TALK #3 —Wagner & Marcot (2014): Macroevolutionary Models and Tip-Dating: Turning Putative Assumptions Into Testable Hypotheses

(link to this section)

p. 251

Symposium 3 (Friday, November 7, 2014, 8:30 AM)

MACROEVOLUTIONARY MODELS AND TIP-DATING: TURNING PUTATIVE ASSUMPTIONS INTO TESTABLE HYPOTHESES

WAGNER, Peter, Smithsonian, Washington, DC, United States of America, 20013-7012
MARCOT, Jon, University of Illinois at Urbana-Champaign, Urbana, IL, United States of America

Tip-dating affects macroevolutionary issues as broad as possible morphological and phylogenetic 'explosions' down to those as fine as which speciation models predominate within a clade by affecting how much time we allot evolutionary change. Consider three basic 'speciation' models that paleontologists might encounter: (1) continuous morphological change (i.e., 'Darwinian' speciation) with continuous cladogenesis; (2) pulsed morphological change in which rates of change are elevated during events paleontologists recognize as speciation (e.g., punctuated equilibrium and related models), but where speciation events are continuous through time; and (3) pulsed turnovers, in which morphological change is pulsed and these pulses are concentrated in particular intervals of time. Model 1 is the simplest (one distribution of morphological rates and one distribution of cladogenetic rates) and it typically will imply the deepest divergence times given for any dataset. Model 2 adds complexity (separate pulse and background rates of change instead of a shared rate for pulses and background time as in Model 1) and increases the probability of change over short intervals of time. Model 3 is the most complex (pulsed vs. background rates for both character change and speciation) and can predict considerable morphological change over short intervals of time even with uniform per-speciation rates of change. Thus, a key issue when contrasting these models is: given apparent frequencies of change within lineages and hypothesized changes between lineages, can we allot as much time as Model 1 requires for divergences?

Tip-dating procedures usually assume Model 1, but it is easy to modify the underlying Mk methods to allow for Models 2 and 3. These can be combined with divergence-time likelihoods given stratigraphic data, using occurrence data to estimate distributions of preservation rates; the divergence-time likelihoods now give us not simply likely divergence times, but the relative likelihoods of the basic speciation models. Case studies with two groups of Ordovician gastropods show that tip-dating with pulsed change (Model 2) yields vastly better likelihood than does continuous morphological change (Model 1). In one of the two gastropod cases, pulsed speciation (Model 3) hypothesis model likelihoods still more.
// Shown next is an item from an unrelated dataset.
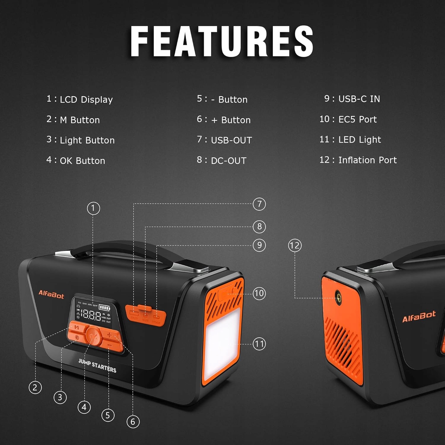 AlfaBot Q4 – ваш надійний стартер на 4000 А з повітряним компресором, світлодіодним підсвічуванням і кабелем для полегшення запуску. Потужність, безпека та впевненість у кожній подорожі!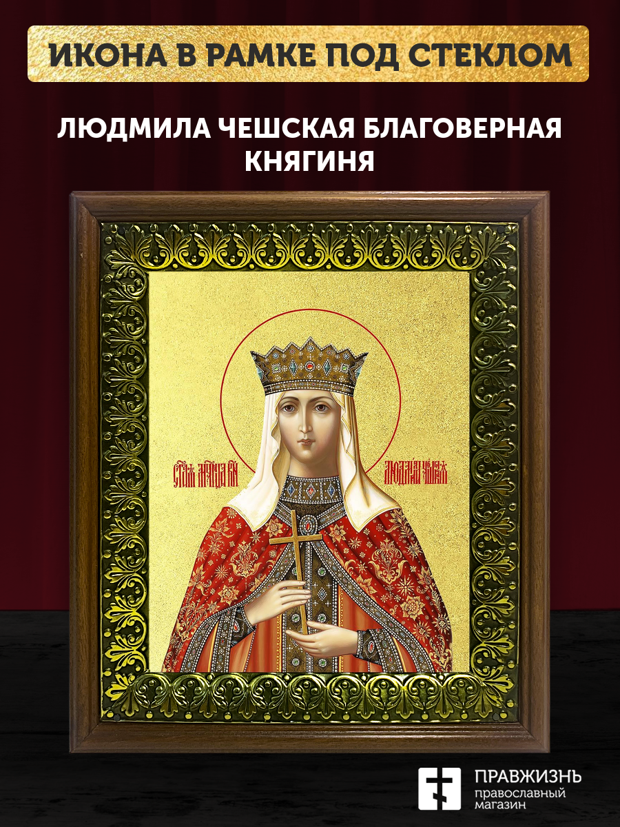 Икона Людмила Чешская благоверная княгиня с золочением, деревянная рамка с басмой и стеклом 18х21х2,

Thus, evolutionary models that might seem to invalidate tip-dating procedures actually are testable hypotheses given a tip-dating framework.
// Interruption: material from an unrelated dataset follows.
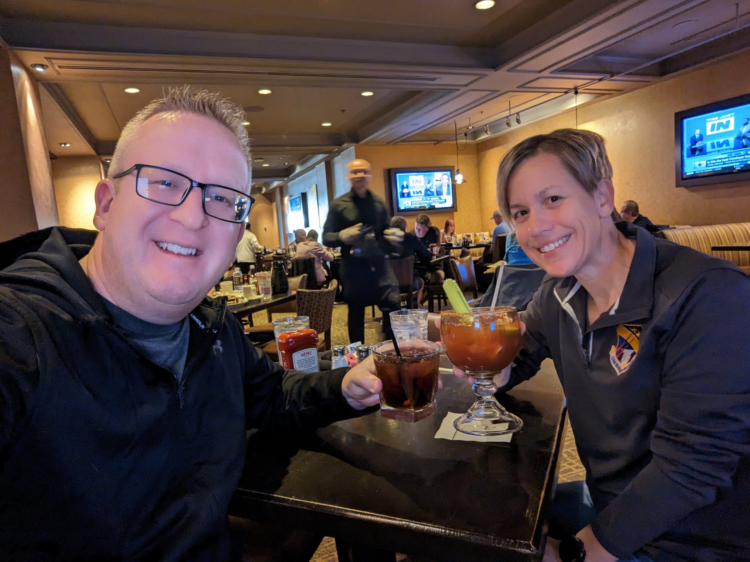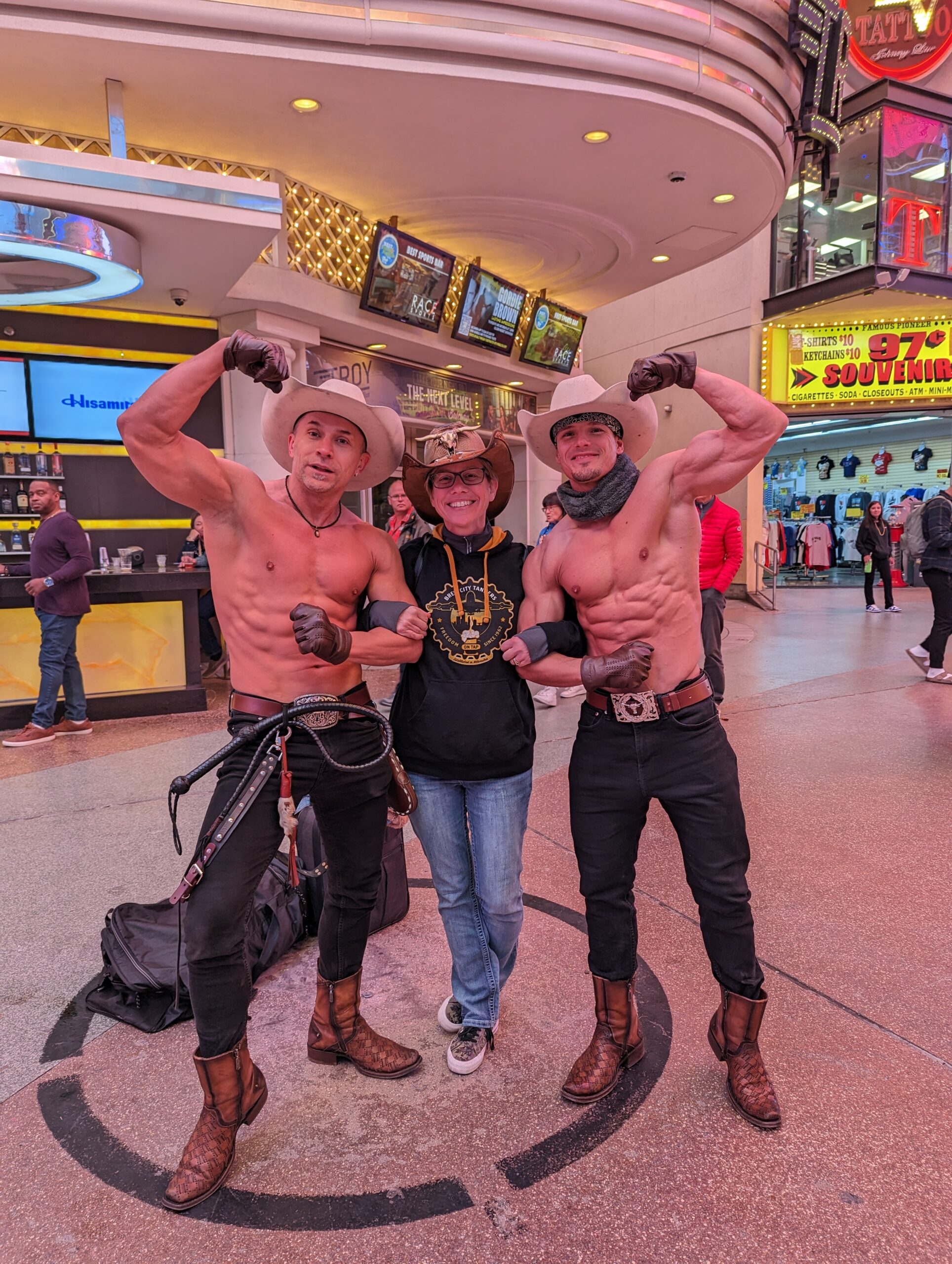 We set no alarms on this trip and were happy to take our time and relax. With having made no plans other than the show which was on Saturday at 10:00p.m., we could afford to relax and play everything by ear. Since it was Veteran’s Day I did a quick search of what restaurants near us may be offering a deal. I found that Claim Jumper’s had a Veteran’s Day menu for a free meal with choices that sounded pretty good, and the fact that it was in our hotel was even better. We made our way downstairs and stood in a short line to get a table. When we were seated I asked for the Veteran’s Day menu, but the host told us that they weren’t doing that but were offering a 15% discount. A little disappointed, but being super hungry we were going to stay and eat and appreciate the discount. I got a ginormous Bloody Mary and Tom a Captain and Coke along with a burger for me and (no surprise here) a turkey club sandwich for Tom. While we were waiting for our food I got a text from one of the hockey players that they were on Fremont Street hanging out at Whiskey Licker Up. When we were done with our meal we wondered outside and easily found the bar and the guys. We hung out with them for the next several hours drinking beers, shooting the shit, and people watching. Tom also donated $5 to a couple of the “solicitors” on the street so I could get my picture with them (see photos below). The hockey schedule didn’t originally have them playing a game on Friday thereby designating Friday as “F-off Friday”, but as we were hanging out they got a text that said they had a game at 6:30 in Henderson, NV. I was hoping to catch one of their games while we were there, but the timing and location never really worked out for us. Sometime around 5:00 we said our good-bye and went our separate ways.

TALK #4 —Guillerme & Cooper (2014): Combining Living and Fossil Taxa Into Phylogenies: the Missing Data Issue

(link to this section)

p. 142

Symposium 3 (Friday, November 7, 2014, 8:45 AM)
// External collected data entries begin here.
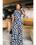 Cotton Ankara High waist flared pants matched with a fitted top with feather detailing on the sleeves.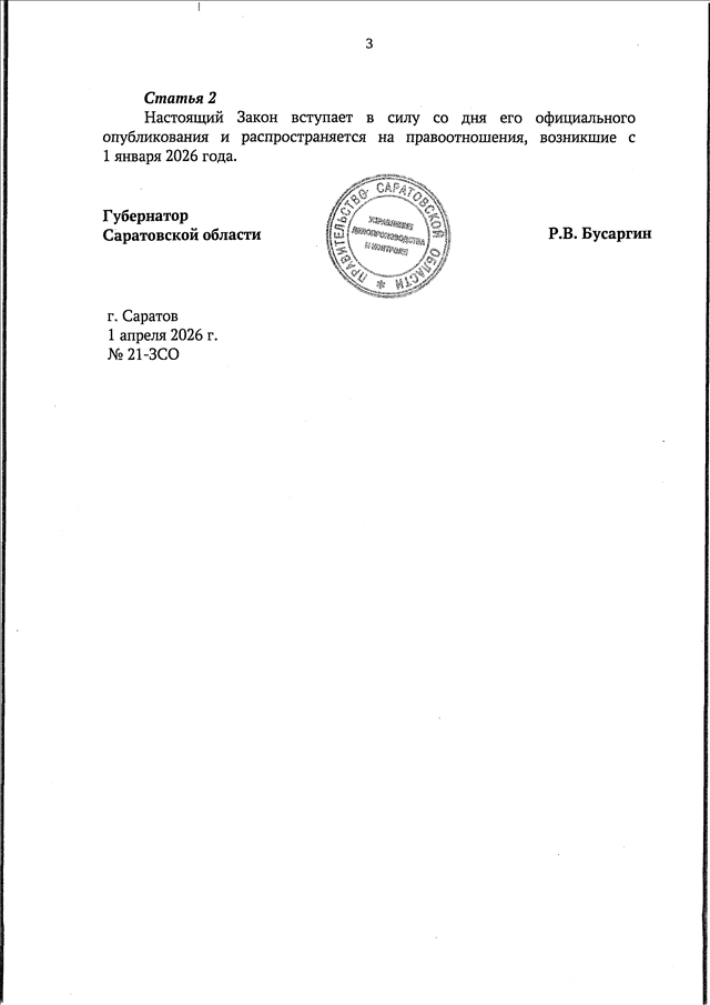 Закон Саратовской области от 01.04.2026 N 21-ЗСО "О внесении изменений в Закон Саратовской области "О некоторых вопросах муниципальной службы в Саратовской области" (принят Саратовской областной Думой 25.03.2026)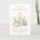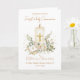 This design features a watercolor illustration of a Candle with a Cross and Bible, surrounding by green leaves and whitish flowers.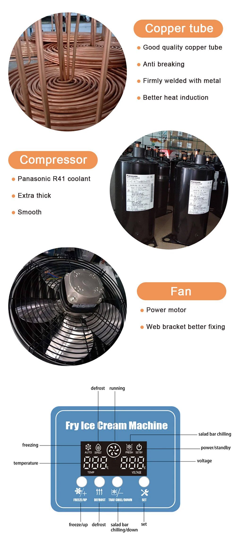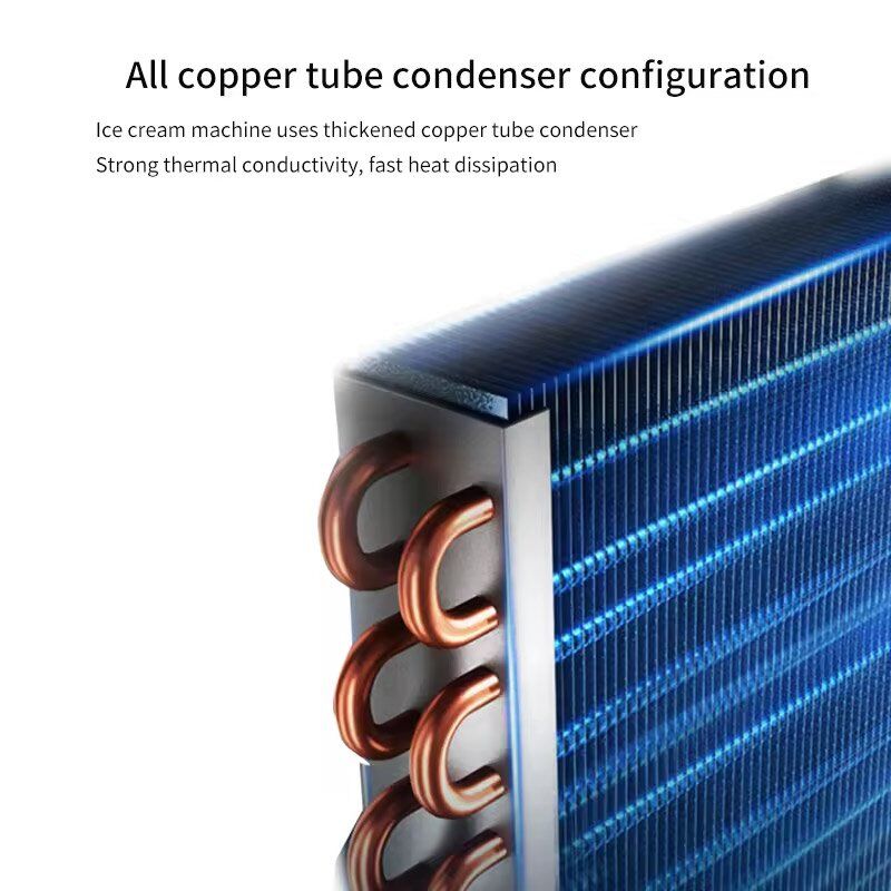Ice cream machine uses thickened copper tube condenser Strong thermal conductivity, fast heat dissipation.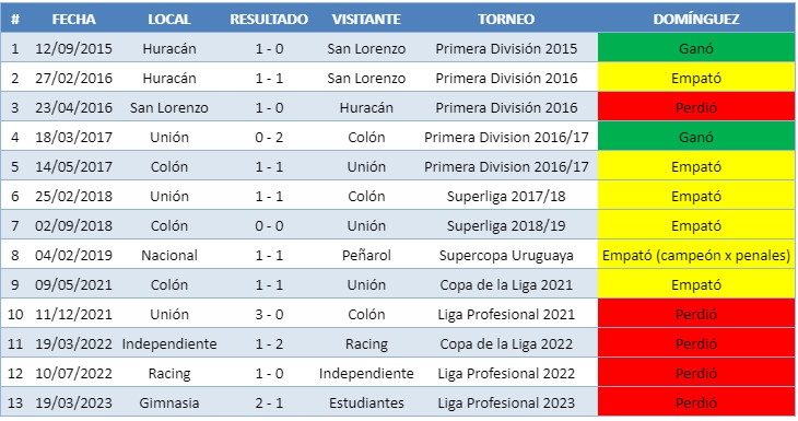 En resumen, en 13 clásico dirigidos, Eduardo Domínguez registra 2 triunfos, 6 empates y 5 derrotas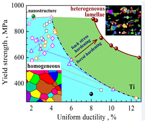 金属有两个重要的力学性质,即强度和均匀拉伸伸长率(简称塑性)。高强度可使金属在发生塑性变形之前承担大的载荷,而大塑性则可使其在破坏之前进行较大的塑性变形,避免发生突然的破坏。材料的强度和塑性取决于内部晶粒尺寸的大小,传统的粗晶具有很大的塑性,随晶粒尺寸减小到纳米尺寸时,强度显著提高、却几乎丧失了全部的塑性。人们面临的极大挑战是怎样同时获得这两个极端的性能,即纳米晶金属的高强度与粗晶的大塑性,这在高强度端尤其难以实现。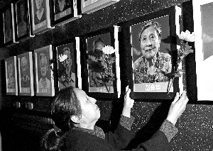 6日,侵华日军南京大屠杀遇难同胞纪念馆为最近去世的南京大屠杀幸存者王秀英、赵金华、陈广顺举行熄灯悼念仪式,馆内大屠杀幸存者照片墙上王秀英、赵金华、陈广顺三位老人的照片灯箱在仪式中熄灭,纪念馆工作人员及三位老人的亲属等共同默哀、献花,进行悼念。图为赵金华的女儿赵敏在母亲遗像前哭悼。据侵华日军南京大屠杀遇难同胞纪念馆介绍,2018年已有20位南京大屠杀幸存者去世。新华社发
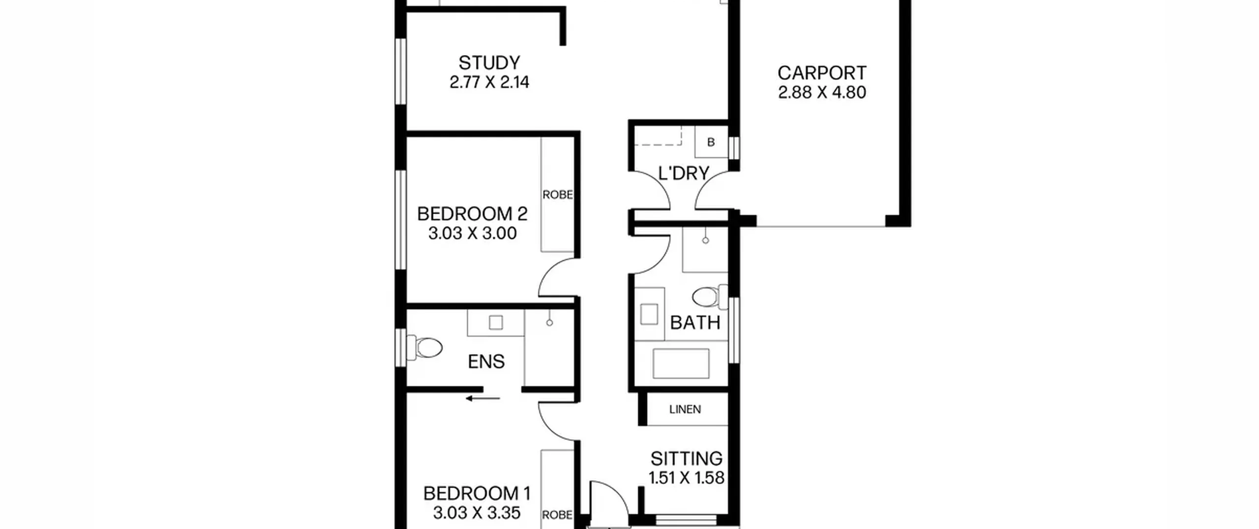 - Convenient study space, perfect for a home office, or potential to change to a 3rd bedroom

COMBINING LIVING AND FOSSIL TAXA INTO PHYLOGENIES: THE MISSING DATA ISSUE

GUILLERME, Thomas, Trinity College Dublin, Dublin, Ireland
COOPER, Natalie, Trinity College Dublin, Dublin, Ireland

Living species represent less than 1% of all species that have ever lived. Ignoring fossil taxa may lead to misinterpretation of macroevolutionary patterns and processes such as trends in species richness, biogeographical history, or paleoecology. This fact has led to an increasing consensus among scientists that both fossil and living taxa must be included in macroevolutionary studies. One approach, the Total Evidence Method, uses molecular data from living taxa and morphological data from both living and fossil taxa to infer phylogenies with both fossil and living taxa at the tips. Although the Total Evidence Method seems very promising, it requires a lot of data and is therefore likely to suffer from missing data issues which may affect its ability to infer correct phylogenies.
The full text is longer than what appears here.